Sega’s quarterly report just landed—yep, the numbers aren’t what you’d call stellar. Seems like they hit a 13% drop in sales, which… ouch. It’s like dropping your ice cream cone on a hot day, right when you were about to take the best bite. Anyway, within their Entertainment Contents thingy, specifically the Consumer vertical—does anyone else find this jargon oddly fascinating?—they made ¥44.6 billion, about $301 million in less robotic terms. That’s down from the previous year’s ¥51.3 billion ($347 million), if I did the math right in my head.
But here’s the kicker—operating income for games plunged 66%. Whoa, that’s like the rollercoaster I dared to ride once and regretted immediately. From ¥8.9 billion to ¥5.2 billion. Yep, not great.
Yet, Sega’s all like, “Hey, new games are steady,” even though they’re down 33%. Sales slid from ¥3.9 billion to ¥2.6 billion, but maybe they’re whispering sweet nothings to themselves for comfort. Catalogue sales were the real problem child, dropping 21.4%.

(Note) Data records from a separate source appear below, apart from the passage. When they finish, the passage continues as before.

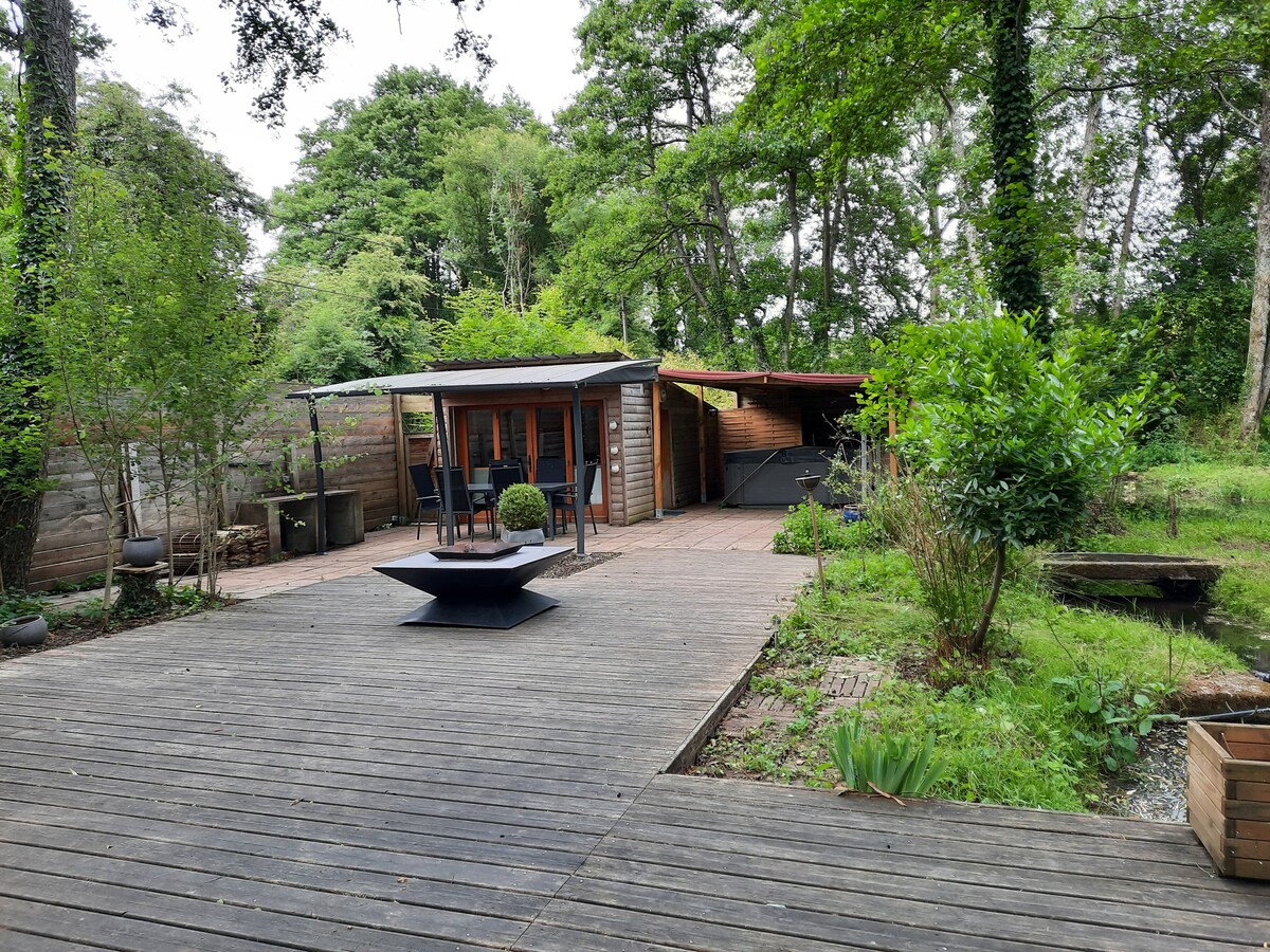 ** pour toute RÉSERVATION merci de vous rediriger vers notre nouvelle annonce : airbnb.fr/h/babethandserge cette annonce est maintenue en ligne pour l historique des avis Charmante maison entièrement rénovée, offrant confort et intimité. Garage sécurisé pour vélos. Sur 1 ha de nature avec ruisseau, bambous, chêne centenaire et terrasse ensoleillée, lieu idéal pour familles, amis ou télétravail (fibre). À proximité : golf, escalade, VTT, kayak, accrobranches, tyrolienne.
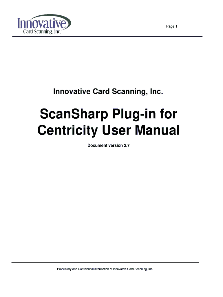 Page 1 Innovative Card Scanning, Inc. Scan Sharp Plug-in for Centricity User Manual Document version 2.7 Proprietary and Confidential information of Innovative Card Scanning, Inc. Page 2 Table of
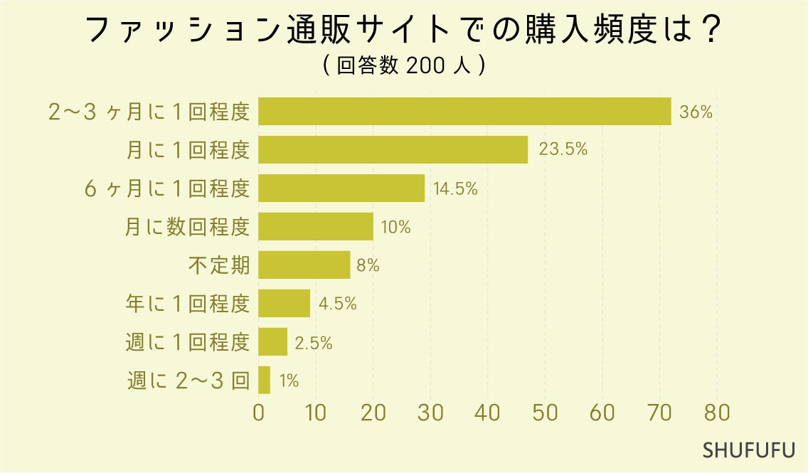 ファッション通販サイトでの購入頻度は?の問いに対して最も多かったのが「2〜3ヶ月に1回程度(36%)」でした。 次いで「月に1回程度(23.5%)」「6ヶ月に1回程度(14.5%)」という結果でした。 週に1回以上利用する人は「3.5%」いました。
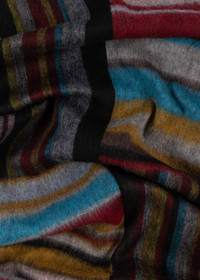 Made from a super soft, wool-cashmere blend, this scarf features a 'Signature Stripe' pattern throughout, in a 'mix up' arrangement. Complete with frayed edges, this scarf is perfect for the transitioning weather. 95% Lambswool, 5% Cashmere Dry Clean Only 185cm x 40cm Product Code: M1A-150K-L572-92-0
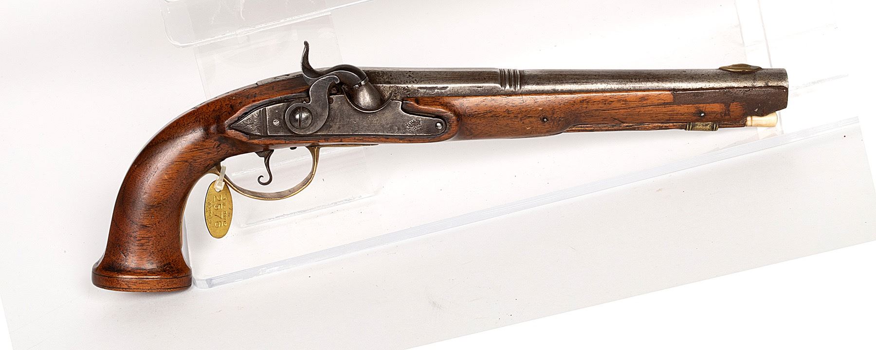 Pistol, Unknown manufacturer, Percussion Pistol, ramrod, brass side plate, engraving, SN: N/A, JMD Oval Tag: 2576, Condition: Good, >
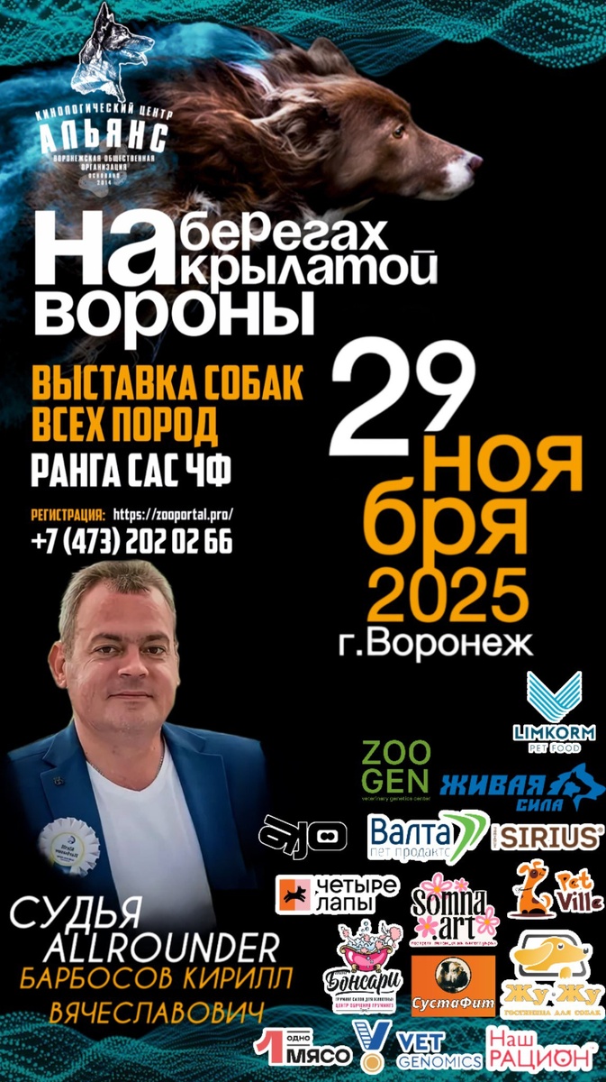 ⏰ 29 ноя (7д) 🏛 #Воронеж #Россия #Выставка 🐶 Выставка собак: На берегах крылатой Вороны 🏆 Кинологический центр "Альянс" Контакты организаторов здесь: 🌐 https://www.petsman.ru/vystavki-sobak.php?mesto=18-voronezh Все породная выставка собак "На берегах крылатой Вороны" ранга САС /ЧФ Племенной смотр Пателла По старым традициям мы проводим розыгрыш на участие в выставки 1 место — БЕСПЛАТНОЕ участие 2 место — 50% скидка 3 место — 30% скидка В этом году, будет комплекс мероприятий. Выставка Пателла Племенной смотр. На самой выставки, как и в прошлом году. Две беспроигрышных лотереи Конкурс костюмов (абсолютно бесплатный) Множество подарков от спонсоров! Желаем участникам успехов! 🧑 👨 Эксперты: 🔹 ALLROUNDER: Барбосов Кирилл Вячеславович- Москва
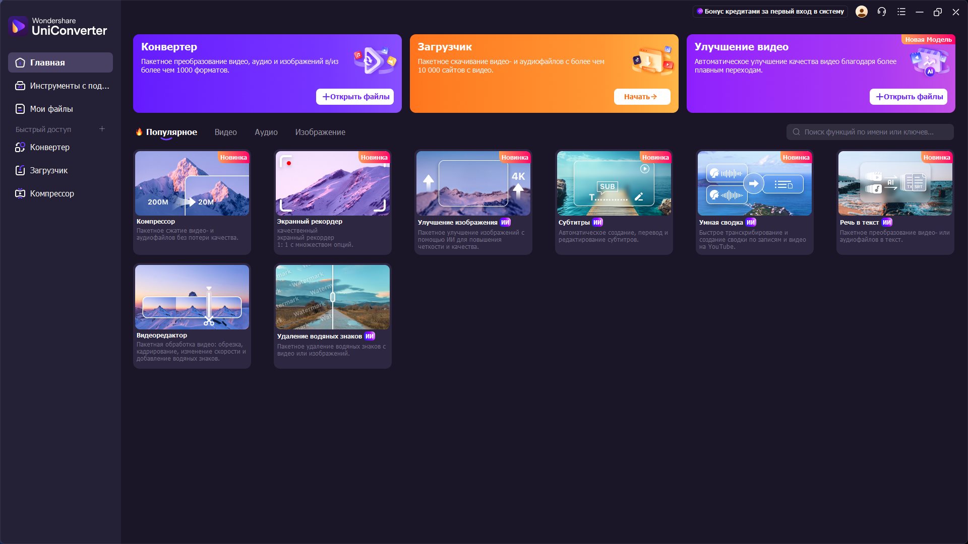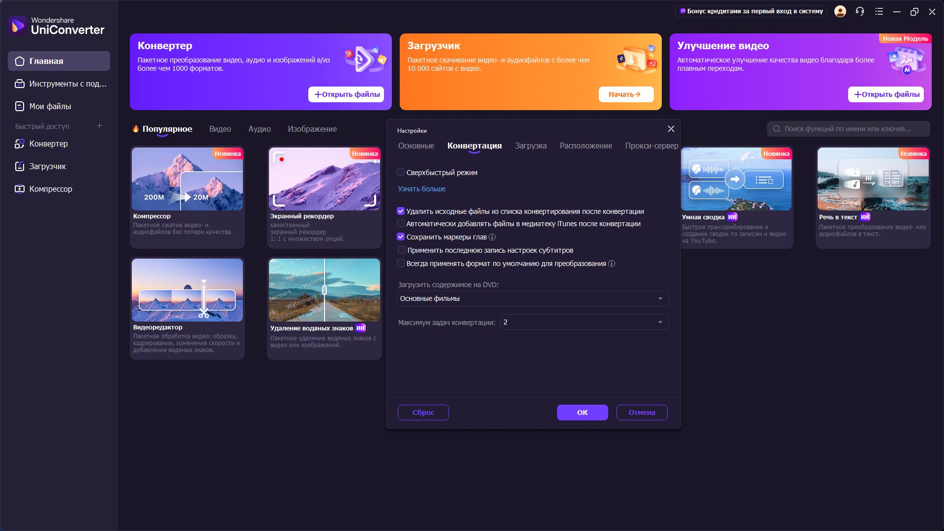 Wondershare UniConverter также предлагает полный набор оптимизированных видео инструментов, которые вам непременно пригодятся.
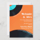 80s Retro Vinyl Record Photo wedding invitation template, bold vintage orange wedding invite.
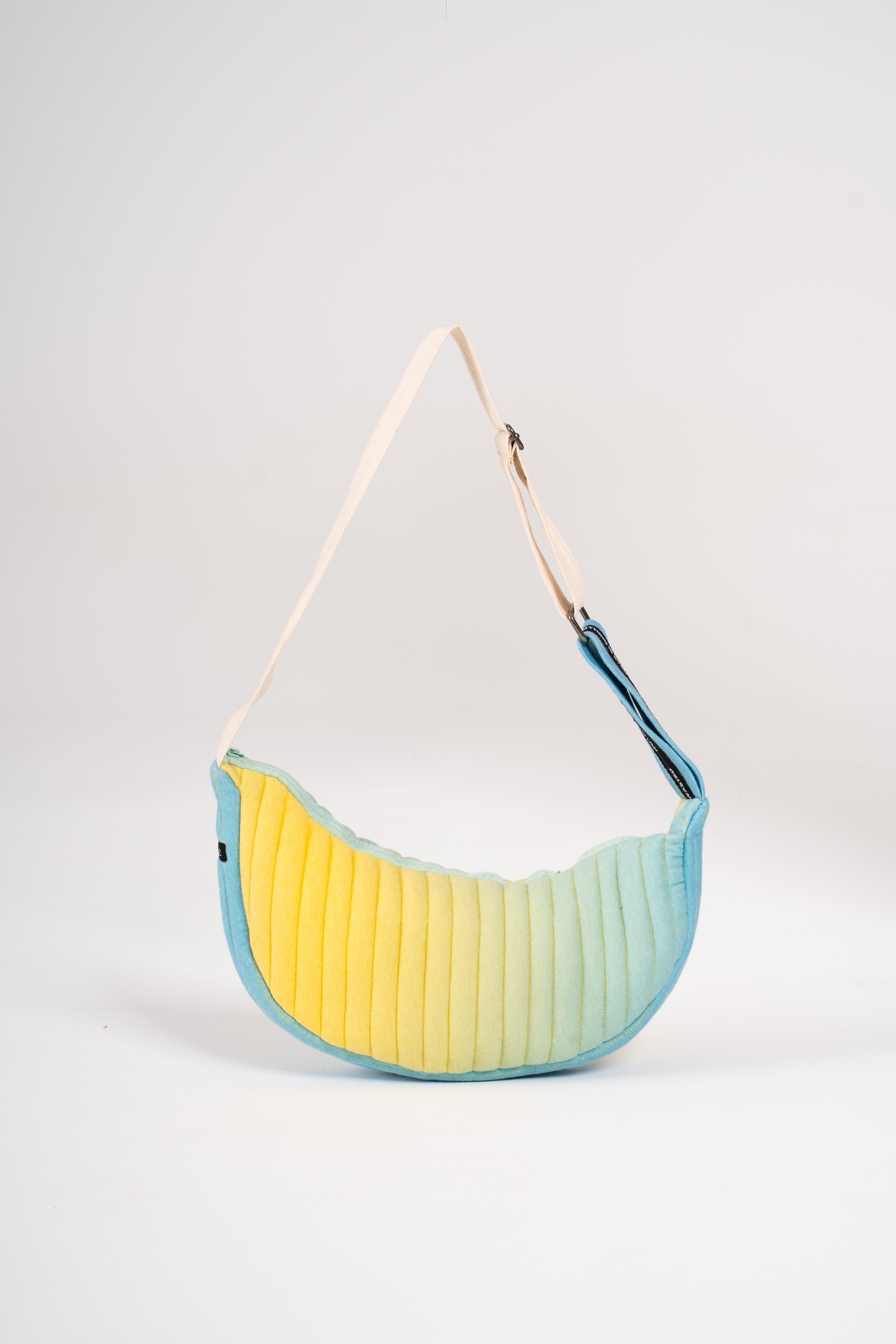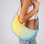 A little cloud you can carry. Made from puffy, planet-friendly rPET, this crescent-shaped bag adds a pop of color and comfort to your everyday look. Snug under the arm and roomy enough for all your must-haves, it’s the perfect companion for errands, hangs, and everything in between.

Fast forward to their hopeful outlook for the year. Sega’s counting on Sonic Racing: Crossworlds or that Football Manager game—or both?—to turn the tide. I mean, crossing fingers here!
In the grand scheme, Sega Sammy’s net sales fell 22.7%. They still pulled in ¥81 billion ($548 million). So yeah, it’s not all gloom and doom, just a cloudy day with a chance of sunshine if their upcoming games pull a miracle.